Вернувшись в Нью-Йорк, он первым делом берет такси и едет в магазин военного снаряжения. Купить форму пилота Военно-воздушных сил Франции оказывается далеко не простым делом. Тони обходит три самых престижных магазина военторга на Манхэттене, но ничего не находит. Выслушивает предложения сшить форму на заказ, но на это нет времени.

Заходит в отель «Континенталь» и начинает обзванивать тех друзей, кого будил по ночам, зачитывая им куски из новой книги. Адвокаты, физики, преподаватели истории. У них у всех чуть не выскакивают из орбит глаза, когда неистовый голос Сент-Экзюпери, с тем нетерпением, что подчас прорывается в нем по самым различным поводам, гремит в ухе вопросом: где в Нью-Йорке максимально быстро можно купить офицерскую форму военного летчика французских ВВС? Слышит этот неожиданный вопрос и Дени де Ружмон, однако его связи с артистическим миром наводят его на мысль: а не поискать ли у портного, что работает на «Метрополитен опера».

Ружмон и Тони договариваются встретиться прямо в мастерской портного, в распоряжении которого целый склад сундуков, забитых экстравагантными костюмами с самыми неожиданными характеристиками. Портной, сухопарый и хрупкий на вид, обладает удивительной памятью. Из-под трех баулов он немедленно вытаскивает вместительный чемодан. И извлекает оттуда синего цвета военную форму, подходящую по размеру его клиенту. На ней отсутствуют пуговицы с гербом французской армии, а перебор с галунами вызывает в памяти униформу консьержа люксового отеля. Но Тони страшно рад. После небольшой подгонки по фигуре он выходит из мастерской, чувствуя себя генералом.

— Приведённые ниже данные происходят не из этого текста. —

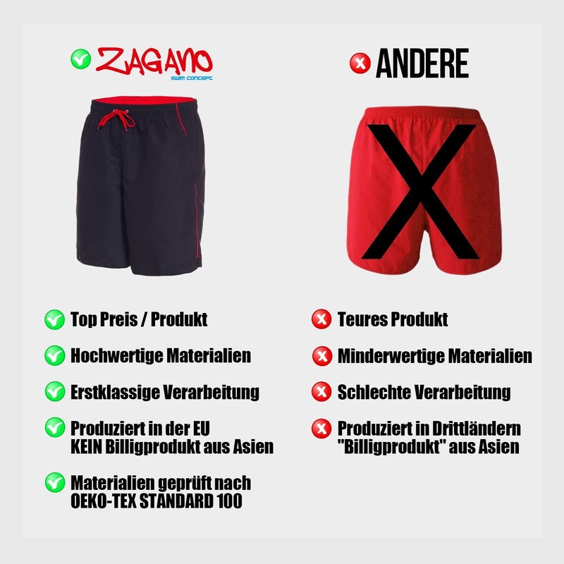 - Zagano men's swimming trunks are water-repellent and quick-drying. Elastic waistband with adjustable drawstring allows a better fit, possible 8-15 cm stretch.

Когда он наконец добирается до своей новой квартиры на Бикам-Плейс, наступает время ужина, а дом звенит аккордами. Консуэло купила арфу.

– Я и не знал, что ты умеешь играть на арфе.

– Не умею. Но мне всегда хотелось иметь арфу.

– Ага…

Консуэло отрывает глаза от инструмента и останавливает взгляд на нем.

– С какой это стати ты в форму вырядился? Идешь на маскарад? Возьми и меня! Обожаю маскарады!

– Я возвращаюсь в свою разведгруппу, она дислоцирована на севере Африки.

Консуэло снова кладет руки на арфу и пытается сыграть несколько нот.

– Папуас, а почему тебе нужно идти на войну?

– Это мой долг.

– Война – дело молодых.

– Что за идиотская мысль! У молодых вся жизнь впереди, зачем им ее гробить? На войну следовало бы отправлять исключительно стариков. Гораздо более справедливо.

– Тебя как будто твоя жизнь уже не интересует.

– Не могу я больше сиднем сидеть в этом городе. Я чувствую, что просто гнию изнутри. Мне нужно уехать.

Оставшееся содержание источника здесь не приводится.